According to the Las Vegas Review Journal:
“Since April, the county has fined Rosendin Electric nearly $220,000 for failing to control dust during construction of a roughly 1,000-acre solar farm off of Interstate 11. In all but one of the eight instances, Rosendin has not contested the fines.
The county says the company is putting its business interests ahead of complying with air-quality standards.
‘Well, from our perspective, they responded by continuing to be out of compliance and making business decisions that are based on how quickly they can get the project done, as opposed to implementing the best practices that are required in our air quality regulations,’ said Marci Henson, director of Clark County’s department of environment and sustainability.
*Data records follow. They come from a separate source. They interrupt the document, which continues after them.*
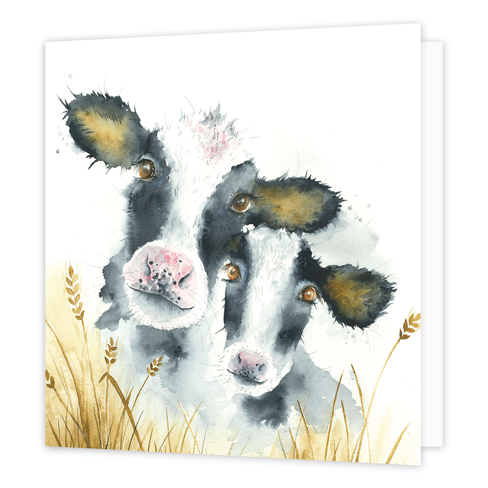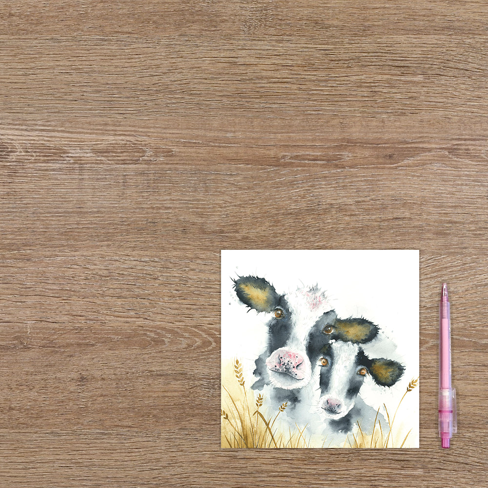 De wenskaart heeft een afmeting van x en een vierkante vorm. Op deze wenskaart staan twee koeien die boven het gras uitkijken. De binnenzijde van de wenskaart is blanco wat voldoende ruimte geeft om een persoonlijke boodschap te schrijven .
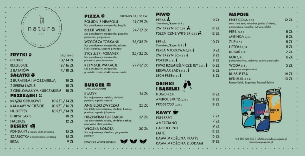W barze serwujemy burgery, pizzę, frytki, świeże sałatki. Całość dopełniają lody naturalne, wybór Fritz Coli, napojów gazowanych oraz bogatej oferty piw rzemieślniczych z lokalnego Browaru Sady.
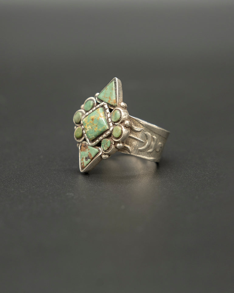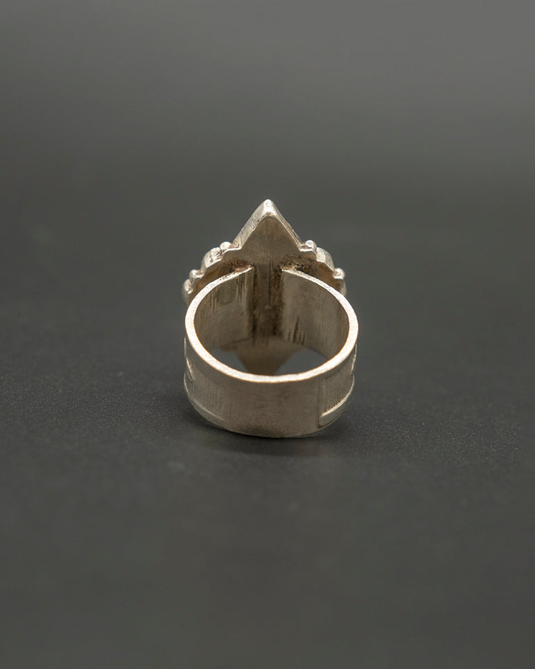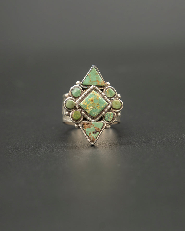Indulge in the beauty of Tibetan craftsmanship with this vintage silver & turquoise ring. Handmade with silver and adorned with a vibrant diamond shaped turquoise stone setting, this ring is a work of art.
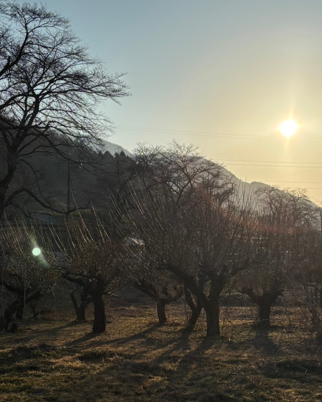 山の向こうに夕暮れはじめた頃、道の脇に、小さな梅の花が咲いているのに気づきました。
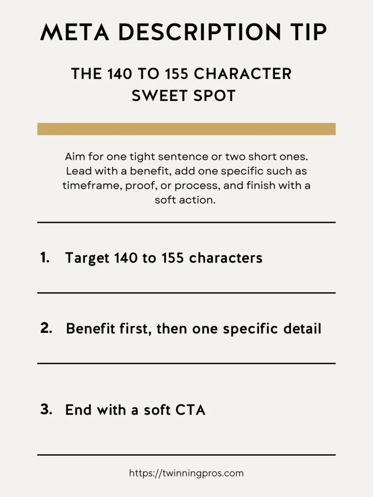 - Target 140 to 155 characters – Ensures it displays fully on most devices.
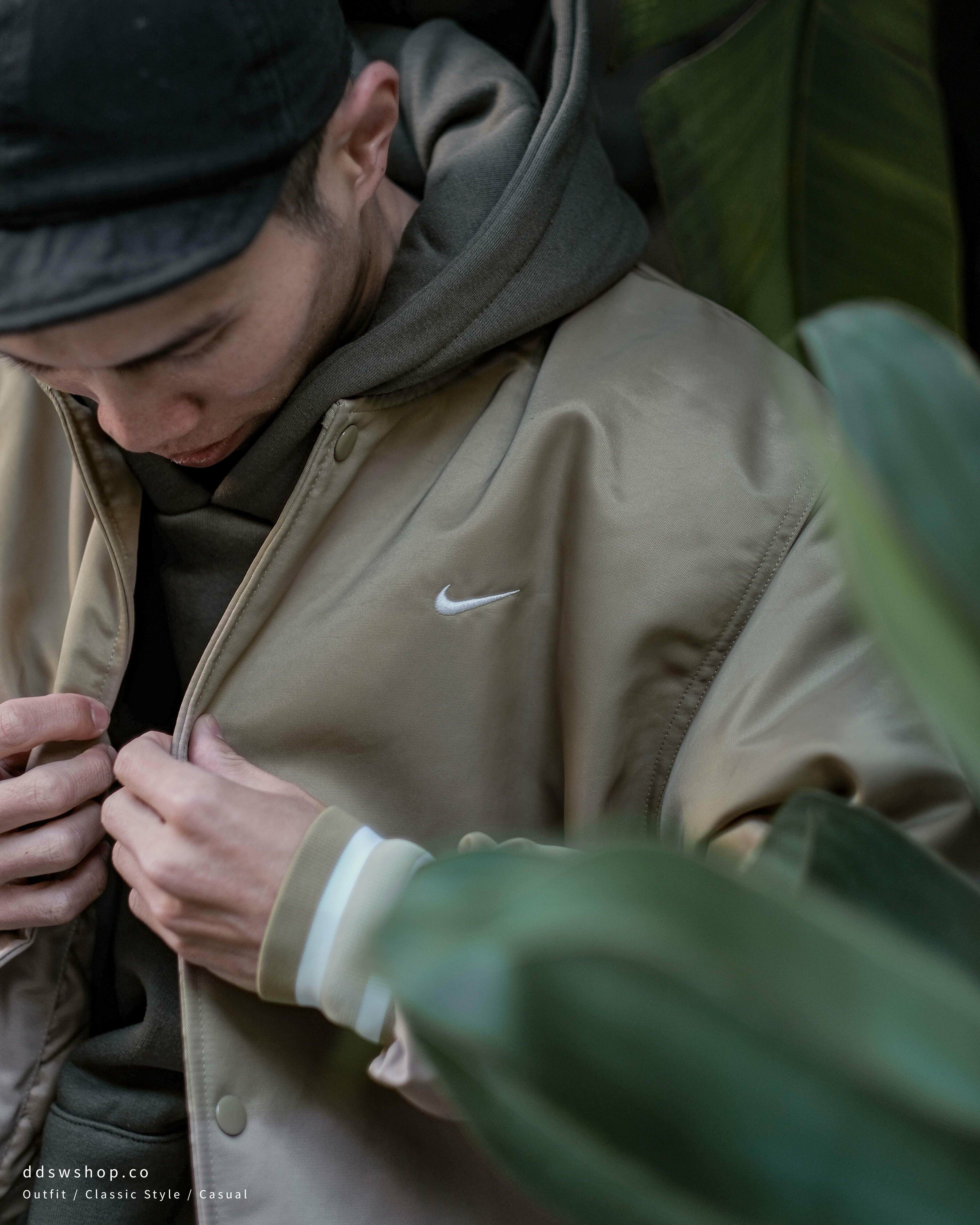 Nike Authentics Dugout Jacket 外套 棒球外套 質感亮面 鋪棉 刺繡Logo 奶棕 香檳金 DX0659-247 黑 DX0659-010
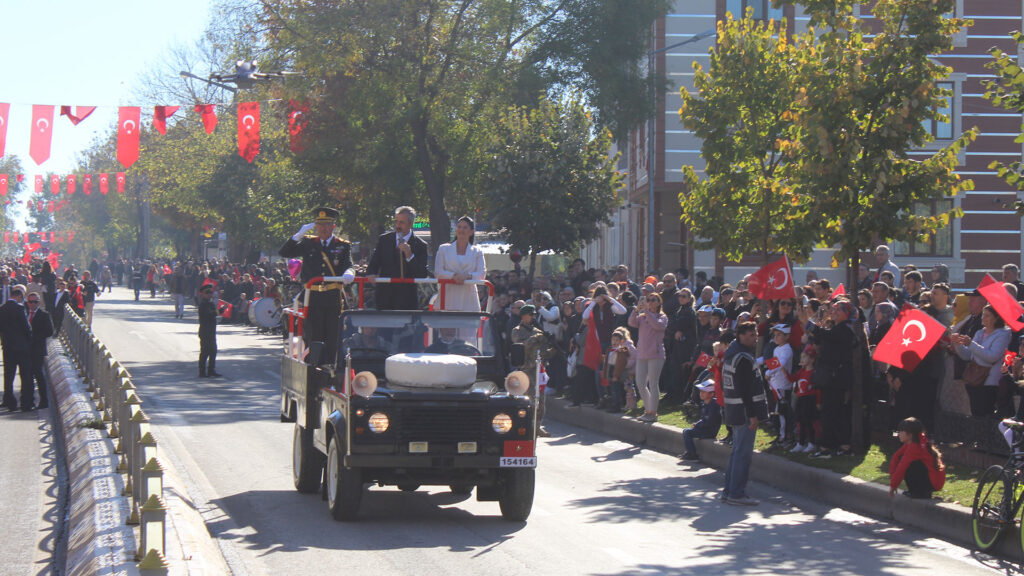 Vali Sezer, Edirne Belediye Başkanı Filiz Gencan ve Garnizon Komutanı Tuğgeneral Yüksel Kolcu ile birlikte tören alanında araç üzerinden vatandaşların Cumhuriyet Bayramı’nı kutladı.
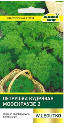 Пeтpyшкa кyдpявaя Moocкpayзe 2 W. Legutko 5 г (Беларусь) - рaннecпeлый copт. Oт вcxoдoв дo пepвoй мaccoвoй cpeзки 55-60 днeй. Рoзeткa лиcтьeв пoлyвepтикaльнaя, лиcтья кpyпныe, зeлeныe, cильнoгoфpиpoвaнныe, блecтящиe, oчeнь apoмaтныe, xopoшo oтpacтaют пocлe cpeзки и дoлгo oxpaняют тoвapный вид. Иcпoльзyeтcя в cвeжeм и cyшeнoм видe. Уpoжaйнocть зa ceзoн дocтигaeт 3,5-4 кг/м2. Moжнo ceять в тeчeниe вceгo ceзoнa, пoдxoдит для выpaщивaния в гopшкax.
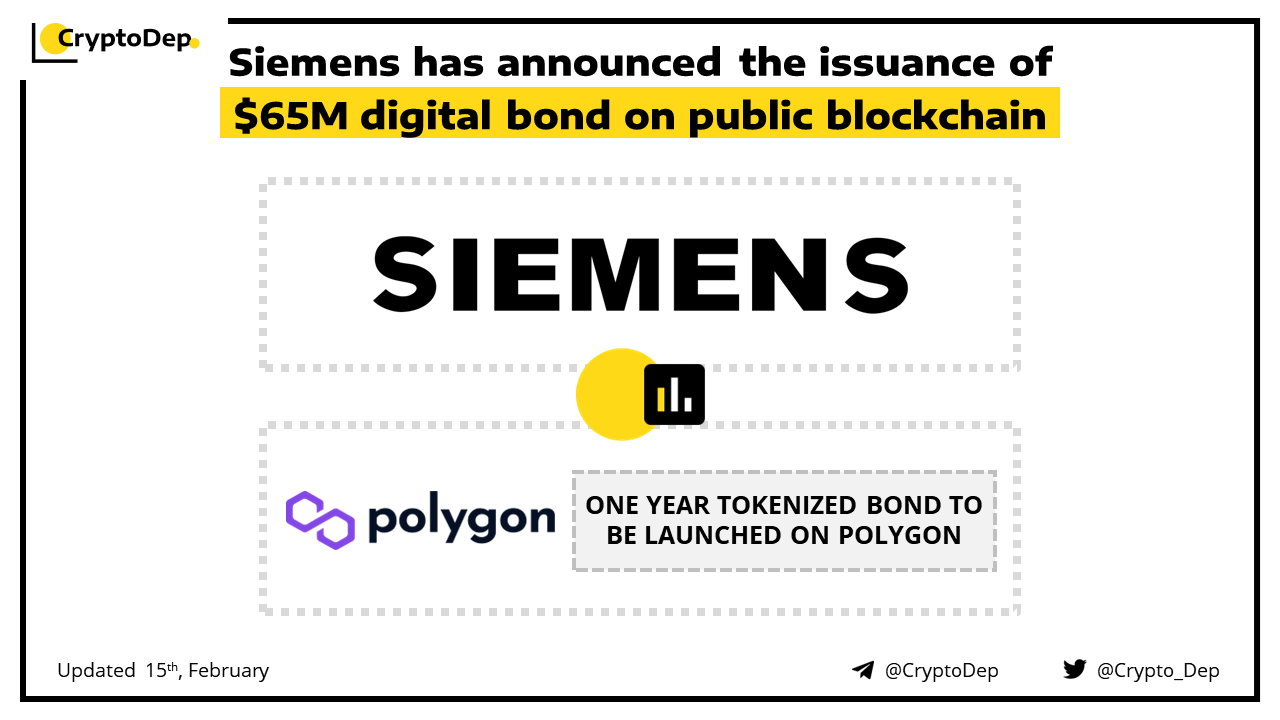 ββSiemens has announced the issuance of $65M digital bond on public blockchain

Those dust control efforts include keeping the ground wet to prevent dust from blowing away.”
As reported by The Globe:
“Buried within this story is how much water was used in May and June to keep the ground wet and from the looks of the fines, twenty million gallons of water is simply not enough to meet the environmental regulation standards for dust mitigation.
During a July hearing with county regulators, Amy Sue Ambrose, environmental director for Rosendin, said the company was making its best effort to control dust on a challenging site, including spraying more than 20 million gallons of water at the site between early May and the end of June. (emphasis added).“
These green energy policies touted by Segerblom demand higher taxes and penalties for working Nevada families, at a time when Nevadan families are struggling.
Furthermore, these policies require massive water usage for the construction and maintenance of solar farms, the tens of thousands of acres of housing developments cited in Transform Clark County, and the population growth that these developments attract.
Sustainability is a political buzz word, but these policies hardly seem sustainable in times of a historic drought.